Data persistance: Re-IP eqiad private baremetal hosts to new per-rack vlans/subnets
Open, Needs TriagePublic

Description

eqiad rows C and D have been migrated to new Nokia switches, and more importantly to the new network design.

You can find all the information on https://wikitech.wikimedia.org/wiki/Vlan_migration

All new servers are by default getting in those new vlans, but to not have to wait for a full 5+ years server refresh cycle, we're now asking service owners to re-image their existing baremetal servers using the --move-vlan cookbook parameter, at their own pace/convenience.

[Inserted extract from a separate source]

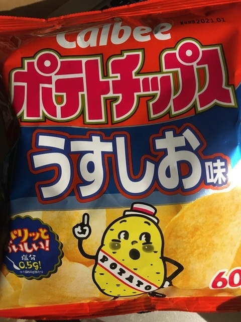 「カルビーポテトチップスうすしお味(お菓子総選挙でさ1位だし)」
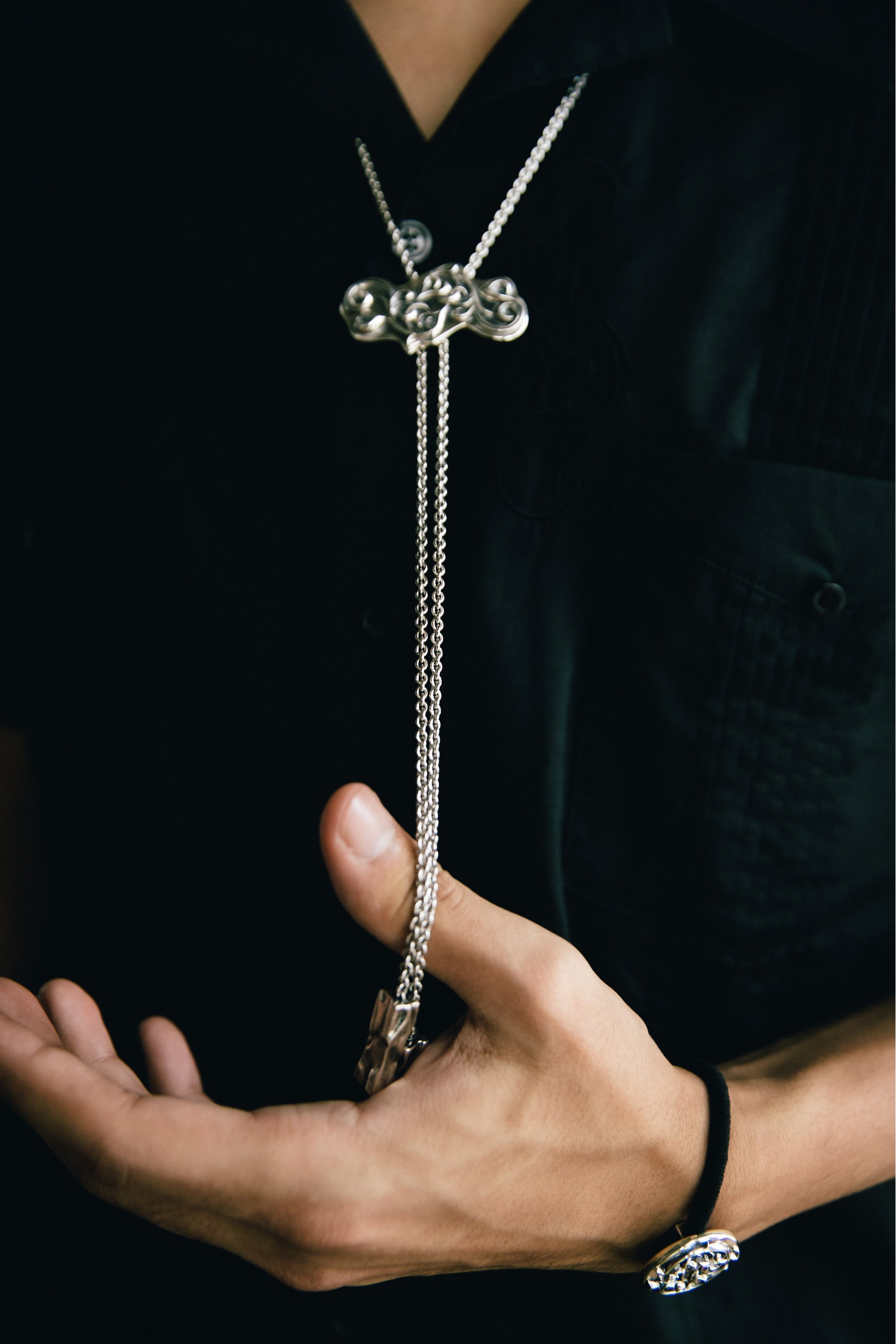 A Manとは、シルバー925を用いたループタイとコンチョヘアゴムを制作。 ループタイにおいてはループの部分までシルバーで制作している。

This will change the server's IP.
There will of course be some special cases (like Ganeti, or DBs) and that's ok to not covert 100% of the servers, but the most we can get, the better.

Please contact netops for any help.

cumin1003:~$ sudo cumin 'A:owner-data-persistence and P{P:netbox::host%location ~ "[C|D].*eqiad"} and P{F:fqdn ~ ".wmnet$"} and not A:vms and not P{F:netmask = "255.255.255.0"}'
91 hosts will be targeted:
apus-fe1003.eqiad.wmnet,aqs[1014-1015,1018-1019,1022,1025,1027].eqiad.wmnet,backup[1006-1007,1014].eqiad.wmnet,db[1150,1153,1166-1175,1180-1182,1184,1189,1217-1225,1230-1233,1242-1245,1247-1249,1252-1253,1258-1259,1262-1263].eqiad.wmnet,dbprov1004.eqiad.wmnet,dbproxy[1024-1025,1029].eqiad.wmnet,es[1033,1045-1046,1051-1053,1057].eqiad.wmnet,moss-be1002.eqiad.wmnet,ms-backup1002.eqiad.wmnet,ms-be[1066-1067,1082,1086,1091-1093].eqiad.wmnet,ms-fe[1011,1013,1019-1020].eqiad.wmnet,pc[1013-1014,1016-1018].eqiad.wmnet,restbase[1033,1040-1042,1045].eqiad.wmnet,sessionstore[1005-1006].eqiad.wmnet,thanos-fe1007.eqiad.wmnet
  • apus-fe1003.eqiad.wmnet
  • aqs[1014-1015,1018-1019,1022,1025,1027].eqiad.wmnet
    • aqs1025
    • aqs1027
  • backup[1006-1007,1014].eqiad.wmnet
  • db[1150,1153,1166-1175,1180-1182,1184,1189,1217-1225,1230-1233,1242-1245,1247-1249,1252-1253,1258-1259,1262-1263].eqiad.wmnet
  • dbprov1004.eqiad.wmnet
  • dbproxy[1024-1025,1029].eqiad.wmnet
  • es[1033,1045-1046,1051-1053,1057].eqiad.wmnet
  • moss-be1002.eqiad.wmnet
  • ms-backup1002.eqiad.wmnet
  • ms-be[1066-1067,1082,1086,1091-1093].eqiad.wmnet
    • ms-be1066
    • ms-be1067
    • ms-be1082
    • ms-be1086
    • ms-be1091
    • ms-be1092
    • ms-be1093
  • ms-fe[1011,1013,1019-1020].eqiad.wmnet
    • ms-fe1011
    • ms-fe1013
    • ms-fe1019
    • ms-fe1020
  • pc[1013-1014,1016-1018].eqiad.wmnet
  • restbase[1033,1040-1042,1045].eqiad.wmnet
  • sessionstore[1005-1006].eqiad.wmnet
  • thanos-fe1007.eqiad.wmnet

Event Timeline

we're now asking service owners to re-image their existing baremetal servers

We don't reimage backups hosts. Let us know the alternative method (we can put them out of service for an extended time if necessary). This was brought up in advance @ the IF-DP meeting at the offsite.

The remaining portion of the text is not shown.